With more than 100m tonnes of bread baked every year, it’s estimated that about 900,000 tonnes go to waste, according to an article by businesswaste.co.uk. It points to overproduction, spoilage and improper storage as key reasons behind bakery waste and notes that “the more rubbish your bakery produces, the higher your waste disposal costs”. In fact, bread is considered to be one of the most commonly wasted food items in the UK – both at manufacturing and consumer level.
Yet there are plenty of actions bakeries can take to minimise waste, thereby saving considerable costs and improving overall sustainability – as bakery waste, along with other food organic matter, produces methane which contributes to global warming.
Almost half of all edible food surplus comes from bakeries, according to Waste Managed, and bakeries could prevent up to 75,000 tonnes of edible food waste every year, it says. Conventional methods of reducing waste in a bakery include a waste audit to identify the level of waste and target problem areas, assessing customer spending habits to optimise inventory management and donating unsold products to local charities or food banks.
Taken as a whole, however, tackling issues such as waste management can seem an insurmountable problem, but if approached in a tactical fashion, this need not be the case, as even small individual steps can add up to a superlative result.
The big impact of marginal gains
In fact, the concept of taking small steps or making marginal gains, highlighted in a BBC News article from a decade ago, illustrates how these can lead to a marked effect when added together. Although, in this instance, the article referred to the approach to winning sports races, engendered by former British Cycling performance director Sir David Brailsford, the concept can be applied in businesses of any kind. Brailsford referred to the possibility of making a 1% improvement across a range of areas, which, cumulatively, could add up to significant improvement. This starts with identifying weaknesses and, instead of considering them a threat, look at them as an opportunity to move forwards. Indeed, according to the report, this marginal gains approach has been adopted by many of the most innovative companies, including Google, which found that tweaking the shade of its toolbar from a darker to a lighter blue increased the number of click-throughs, thereby increasing revenue dramatically.
Streamlining bakery production

Beyond the more conventional methods of handling waste cited above, streamlining production processes can also feed into saving costs, waste reduction success and improved sustainability. One marginal gain bakeries could make would be to maintain dough stability during the production process, even during unexpected interruptions, says Jorge Semiao, marketer at ingredients company Lesaffre UK & Ireland.
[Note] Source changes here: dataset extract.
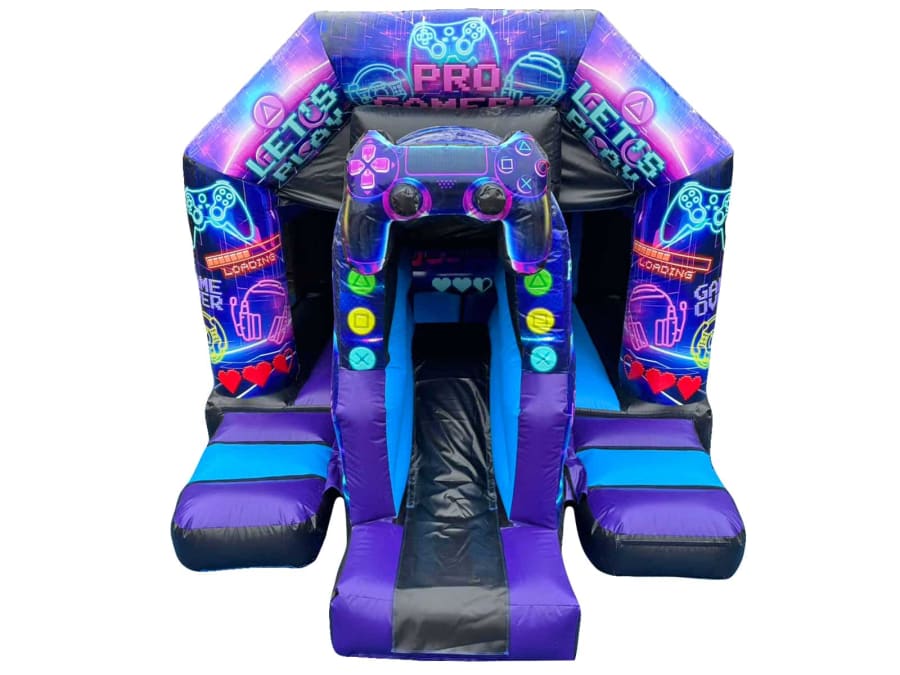 Hire our 3D Gamers themed Bouncy Castle with front facing Slide which is a great addition to any Birthday Party or Social Gathering. What Child doesn't like Gaming these days? Well you can't go wrong with our Gamers themed Bouncy Castle with built in Front Facing Slide is a real crowd pleaser for children of all ages! This Unisex Gamers Inflatable available to Rent across Shropshire includes a fully enclosed design with netted sides for ease of supervision, Vibrant digitally printed artwork with 3D Gaming Controller really setting scene for a very special Birthday Party or occasion!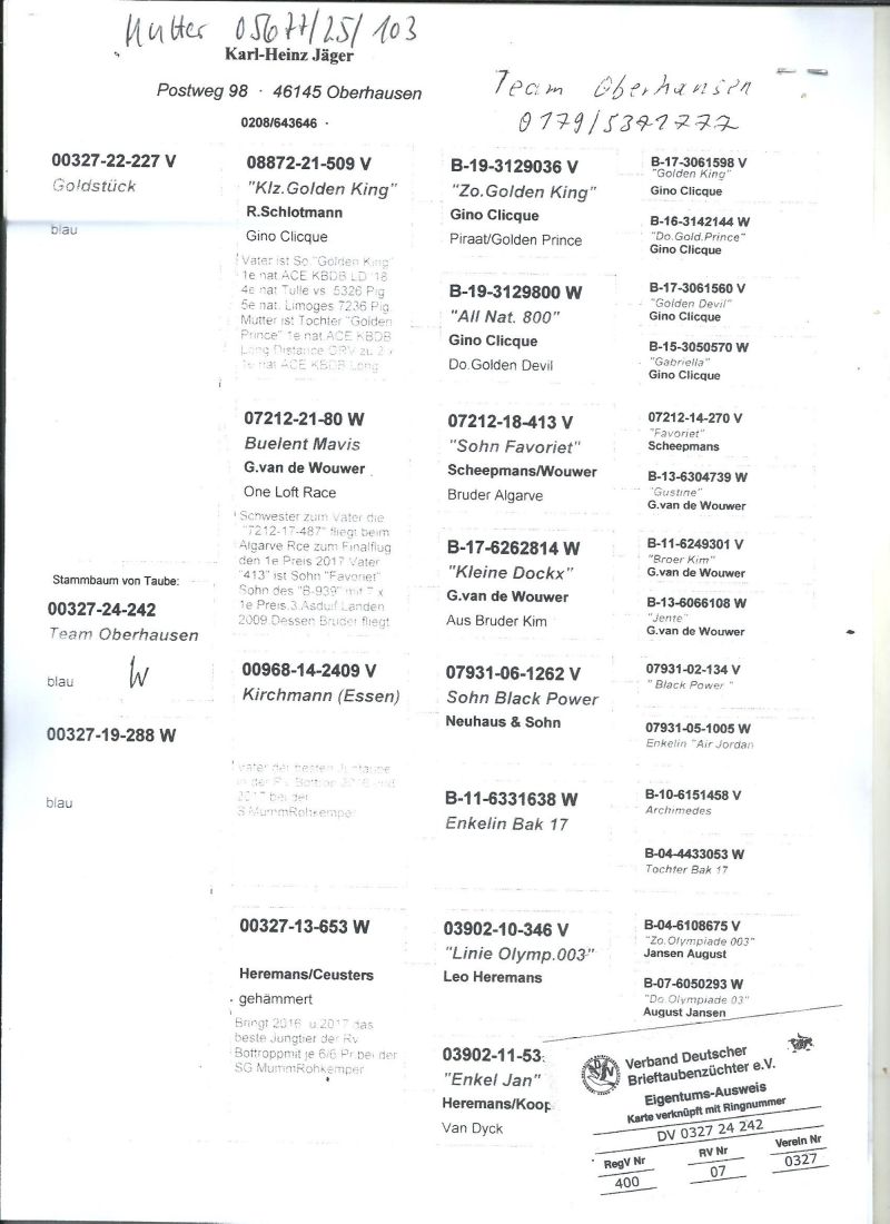 Gołębie ze wspólnego gołębnika UPLAND DERBY Willingen ,szczegóły pochodzenia w rodowodzie.Gołębie brały udział w 11 lotach treningowych ,4 konkursowych i 5 lot Finałowy 344km,Więcej informacji pod nr tel:603 312 976, wyniki dostępne klikając w link ,transport gołębi po wpłacie pieniążków na konto ,gołębie będą dostarczane kurierem 1-3szt 150zł

While refrigeration and freezing have typically been the go-to solutions for controlling fermentation and ensuring dough stability, this can involve significant investment in equipment, higher energy costs and higher CO2 emissions, he notes. As a result, the company has developed T-Control 10.25 Yeast and T-Control 10.25 Improver. The specialised yeast is designed to control fermentation and prevent dough from over-developing, while the improver strengthens the dough’s gluten network and supports fermentation control to be able to deliver stable, processable dough. This results in a highly tolerant dough that maintains its volume and structure for several hours until the dough is ready to bake without requiring cold storage, resulting in reduced energy consumption with a subsequent reduction in costs and a lower carbon footprint.
In turn, each of these elements enables bakeries to adjust production schedules and reduce potential waste as the dough remains stable and processable, thus eliminating the need for costly rework or a discard.
Yeast and improver trials: the results
Trials with the T-Control 10.25 system (using the Chorleywood Bread Process) compared to standard high-active yeast revealed that, after six hours’ fermentation at 25ºC, the T-Control 10.25 yeast and improver produced a stable well-structured dough, while the classic yeast showed over-proofing. As such, the company’s T-Control 10.25 products enable consistent quality of freshly baked bread all day long.

Minimised waste, energy savings and improved production processes are also applicable across a range of products including tin bread, pizza bases, speciality breads and more, reveals Semiao.
While the idea of taking small steps to achieve big gains might not be new, these can add up to momentous achievements. For Brailsford, British Cycling was transformed from an also-ran to gaining multiple Olympic gold medals. For British bakers, one marginal gain could be key to unlocking a series of positive transformations.